The Southern Poverty Law Center and yesterday’s wars
The coronavirus pandemic has produced an unexpected and welcome political truce. Facing a viral enemy that does not distinguish between us, previously unthinkable alliances have formed across the political spectrum. Even President Donald Trump and New York Governor Andrew Cuomo have come together productively to make some degree of bipartisan peace amid this public health crisis.
CNN’s Dana Bash observed, “If you look at the big picture, this was remarkable from the president of the United States. This is a nonpartisan [and] an important thing to note and to applaud from an American standpoint, from a human standpoint.”
That’s why last week’s release of the Southern Poverty Law Center’s partisan “Year in Hate and Extremism” report dropped like a mistimed cymbal crash at the symphony. It’s the annual document that supports its daily publicized “hate map,” which redefines political disagreement as “hate.” In this “report,” the SPLC attempts to smear principled and mainstream conservative organizations by associating them with truly deplorable groups, such as white supremacists.
The SPLC’s former senior fellow Mark Potok once explained the group’s goal in doing that: “Sometimes the press will describe us as monitoring hate crimes and so on…. I want to say plainly that our aim in life is to destroy these groups, to completely destroy them.”
The group apparently had no qualms about demonstrating its dedication to that goal by releasing the latest version of the central document behind its smear and fundraising campaign even at a time like this. That decision demands a sober review of the partisan organization behind this divisive campaign.
In 2018, the SPLC paid a nearly $4 million settlement for defaming Maajid Nawaz, a former Islamic extremist who has since devoted his life to opposing violence.
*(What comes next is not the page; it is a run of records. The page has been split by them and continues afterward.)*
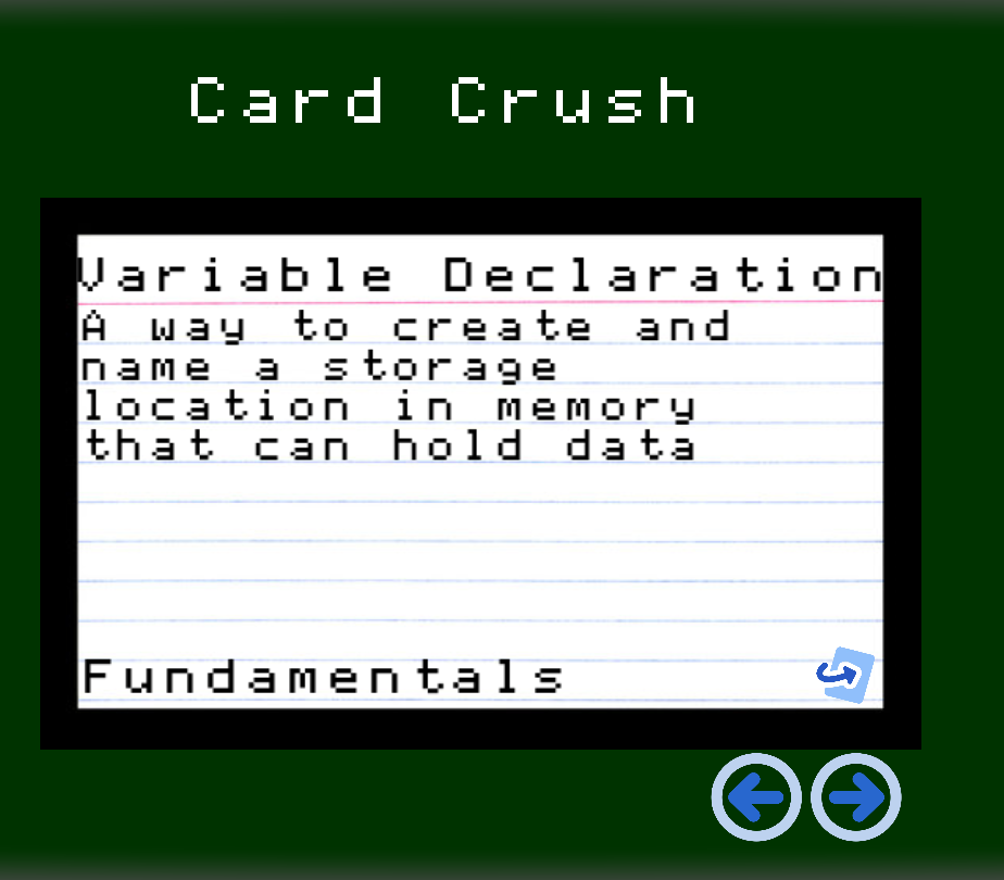 Finally, I finished a project. "Perfect is the enemy of good". Not this time! I've been scratching terms and definitions onto flash cards since I began studying for my CISSP a couple years ago and I haven't stopped. It'll be great to get all my flash cards digitized. My goal is to load up some cards and crush through them a couple times a week to keep the knowledge fresh. I feel like I learned about this type of thing from Barbara Oakley (https://www.coursera.org/learn/learning-how-to-learn). Anyway, I literally sat down and crammed this out and now I have something to iterate on.
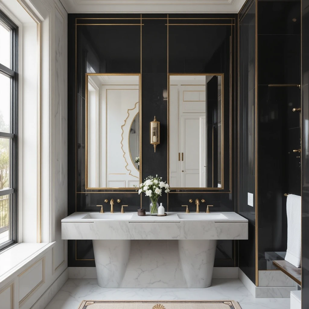 Incorporate thin metallic trims on tiles or mirrors to frame the design with sophistication. Brushed gold, silver, or rose gold can subtly elevate the overall look. These lines add a clean, couture-like finish to the bathroom. This elegant bathroom trend enhances structural elegance with minimal effort.
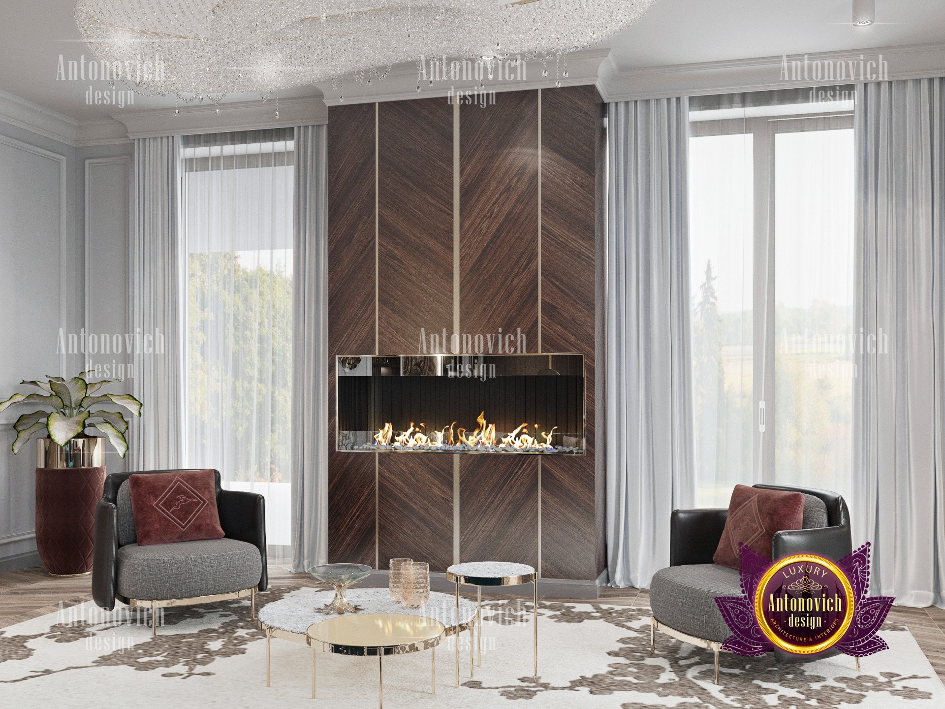 Overall, the colors of the apartment are the right choices for a luxury apartment. The marble accent, the huge carpet, the beautiful sofa, and the spiral wall accent generate a beautiful mix of luxury and elegance.
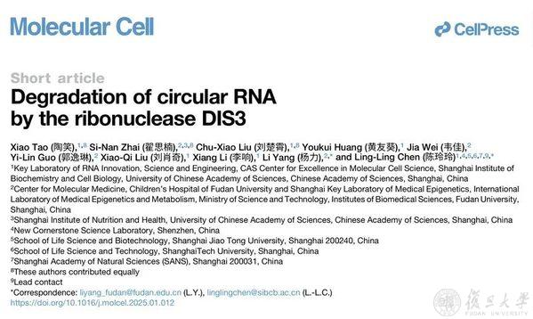 2025年2月17日,复旦大学生物医学研究院杨力研究员团队与中国科学院分子细胞科学卓越创新中心(生物化学与细胞生物学研究所)陈玲玲研究组在《分子细胞》(Molecular Cell)期刊上发表了文章“Degradation of circular RNA by the ribonuclease DIS3”。该研究解析了生理条件下环形RNA被核酸内切酶DIS3监控降解的新机制,实现了对环形RNA“生老病死”过程中特异调控及分子特征等基础研究的闭环。
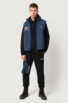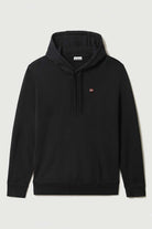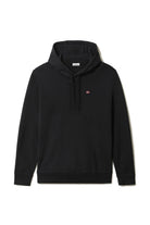 Hoodie. Fixed crossover hood. Ribbed trims. Embroidered details.
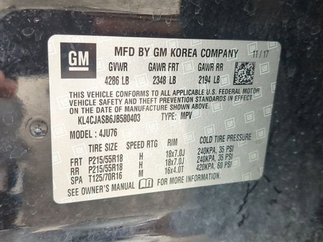 Recent Arrival! Ebony Twilight Metallic This Encore Preferred is nicely equipped with Preferred Equipment Group 1SB, 2-Way Manual Front Passenger Seat Adjuster, 3.53 Final Drive Axle Ratio, 4-Wheel Disc Brakes, 6 Speakers, 6-Speaker Audio System, 6-Way Power Driver Seat Adjuster, ABS brakes, Air Conditioning, Alloy wheels, AM/FM radio: SiriusXM, Apple CarPlay/Android Auto, Brake assist, Bumpers: body-color, Cargo Net, Cloth w/Leatherette Seat Trim, Compass, Delay-off headlights, Driver door bin, Driver vanity mirror, Driver's Seat Mounted Armrest, Dual front impact airbags, Dual front side impact airbags, Electronic Stability Control, Emergency communication system: OnStar Guidance, Exterior Parking Camera Rear, Front anti-roll bar, Front Bucket Seats, Front reading lights, Front wheel independent suspension, Fully automatic headlights, Heated door mirrors, Illuminated entry, Knee airbag, Low tire pressure warning, Occupant sensing airbag, Outside temperature display, Overhead airbag, Panic alarm, Passenger door bin, Passenger vanity mirror, Power door mirrors, Power driver seat, Power steering, Power windows, Radio data system, Radio: Buick Infotainment System AM/FM Stereo, Rear seat center armrest, Rear side impact airbag, Rear window defroster, Rear window wiper, Remote keyless entry, Ride & Handling Suspension, Roof rack: rails only, Security system, SiriusXM Satellite Radio, Speed control, Speed-sensing steering, Split folding rear seat, Spoiler, Steering wheel mounted audio controls, Tachometer, Telescoping steering wheel, Tilt steering wheel, Traction control, Trip computer, Turn signal indicator mirrors, Variably intermittent wipers, and Wheels: 18 Machined-Face Alloy. Price does not include licensing costs, registration fees, taxes and dealer doc fee of $899.50 which are to be paid by the consumer. Mileage is EPA Estimated.
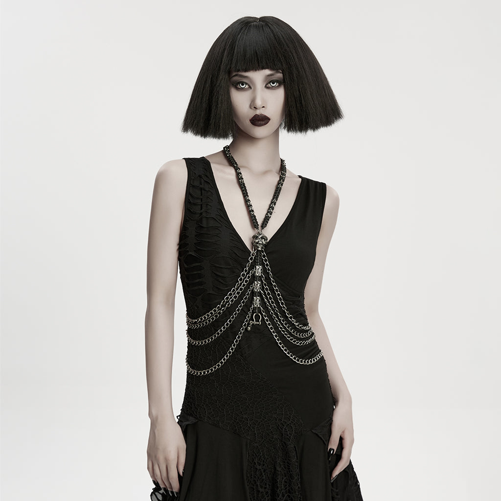 Whether you’re heading to a concert, club, or photo shoot, this chain harness elevates any outfit with a distinct post-apocalyptic punk aesthetic.

The following year, the SPLC fired its founder, and its president resigned after numerous employees claimed that the SPLC suffers from a systemic culture of racism and sexism. And last year, the SPLC’s workforce unionized to address discrimination within their own ranks. As the editor-in-chief of Current Affairs noted, the SPLC’s “hate” list is an “outright fraud” and “a willful deception.”
We’ve all felt the growing polarization in our society, especially over the last eight years. This division has been fueled by social media and new forms of anger amplification that no other generation’s cultural partisans have experienced. Partisan-oriented, opinion-heavy news has magnified our differences. Yet, in the first two weeks of March, the world has changed, and Americans have too.
Trump and Cuomo are collaborating and praising each other. California Governor Gavin Newsom said Trump is more than “on top of it” and called their recent conversation regarding coronavirus needs in that state a “privilege.” Even Rep. Ilhan Omar (D-Minn.), one of Trump’s staunchest critics, praised his coronavirus response as “incredible and the right response in this critical time.” Unity has swept across the country, as it has many times before, and we are standing shoulder to shoulder against a global health threat.
Yet the SPLC is attempting to sow division and discord — to silence dissent when we need to come together as Americans. The SPLC is pointing fingers when America has chosen to join hands. Its propaganda, its interactive maps and its cartoonish infographics are all out of touch. It is fighting a distant and petty political war with tactics that divide.
The SPLC should retract its “Hate and Extremism” report, and join the rest of society as we unite to confront our truly common enemy, the coronavirus and the threat it poses to the health and safety of every American.